Your objective: If pictures appear in the lines below, skip them and copy exactly the lines from the one containing "在爱奇艺之后,芒果TV于20" through the one containing "Fashion and function", and nothing else.
Exercise input section start
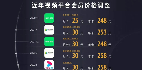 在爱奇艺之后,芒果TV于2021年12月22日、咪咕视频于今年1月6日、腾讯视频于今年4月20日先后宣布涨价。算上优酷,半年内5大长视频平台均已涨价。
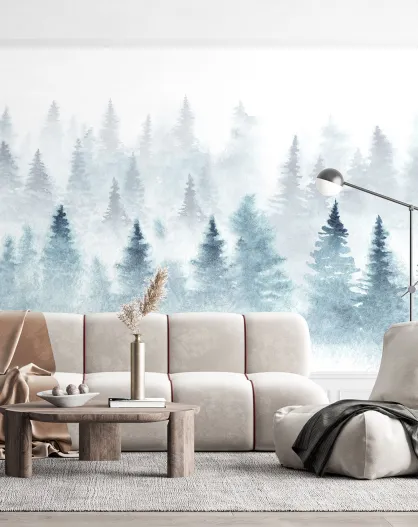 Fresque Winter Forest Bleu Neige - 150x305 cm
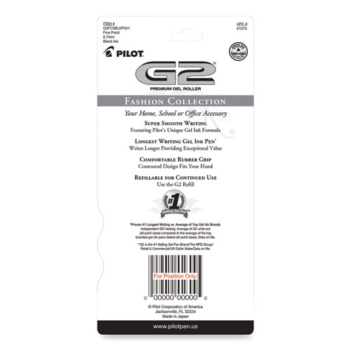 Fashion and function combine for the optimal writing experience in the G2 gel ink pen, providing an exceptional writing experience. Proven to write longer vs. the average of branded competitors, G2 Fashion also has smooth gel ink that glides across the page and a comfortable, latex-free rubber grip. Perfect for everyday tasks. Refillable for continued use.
Exercise input section end
Exercise input section start
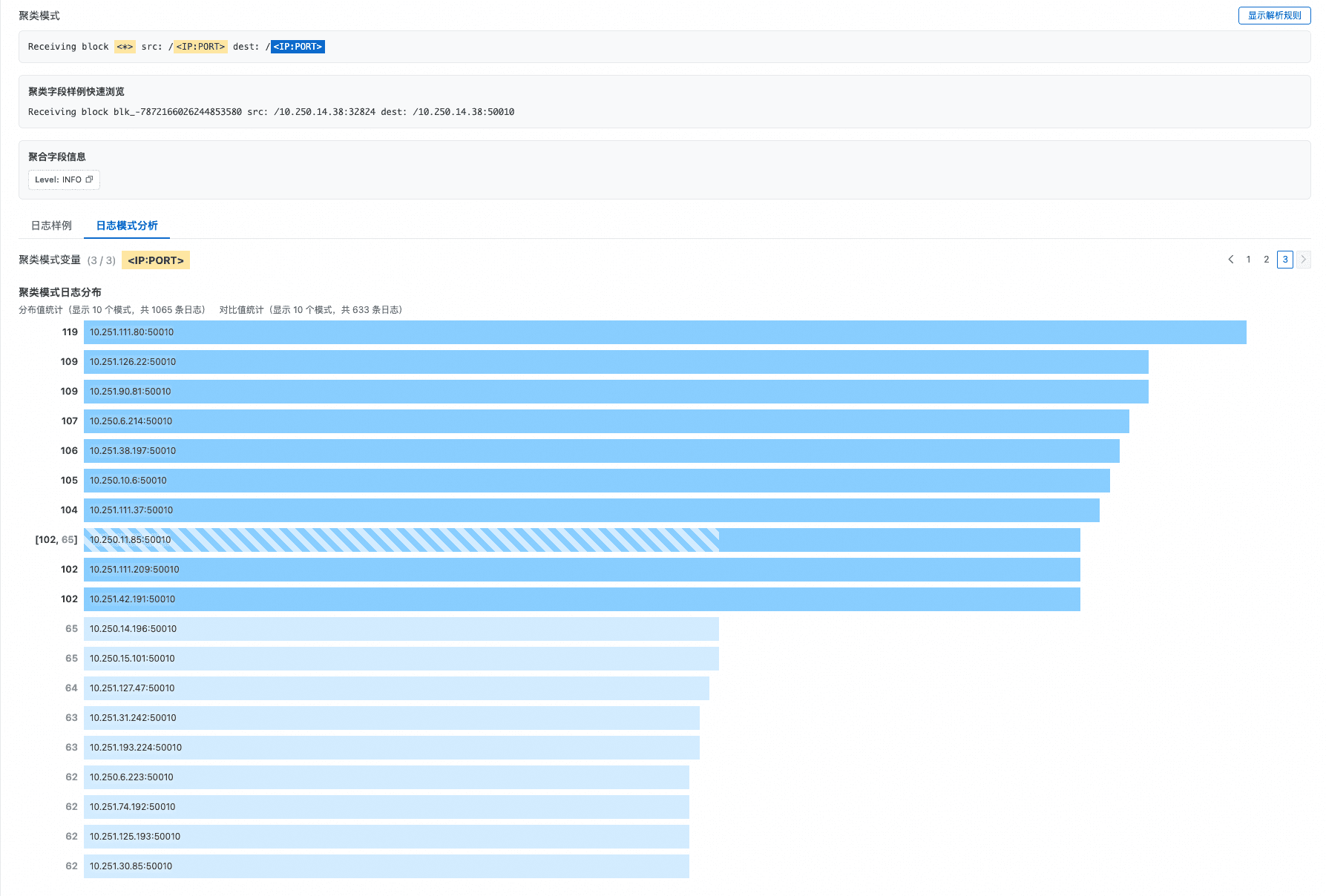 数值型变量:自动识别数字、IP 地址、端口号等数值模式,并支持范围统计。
Exercise input section end
Written reply:
 在爱奇艺之后,芒果TV于2021年12月22日、咪咕视频于今年1月6日、腾讯视频于今年4月20日先后宣布涨价。算上优酷,半年内5大长视频平台均已涨价。
 Fresque Winter Forest Bleu Neige - 150x305 cm
 Fashion and function combine for the optimal writing experience in the G2 gel ink pen, providing an exceptional writing experience. Proven to write longer vs. the average of branded competitors, G2 Fashion also has smooth gel ink that glides across the page and a comfortable, latex-free rubber grip. Perfect for everyday tasks. Refillable for continued use.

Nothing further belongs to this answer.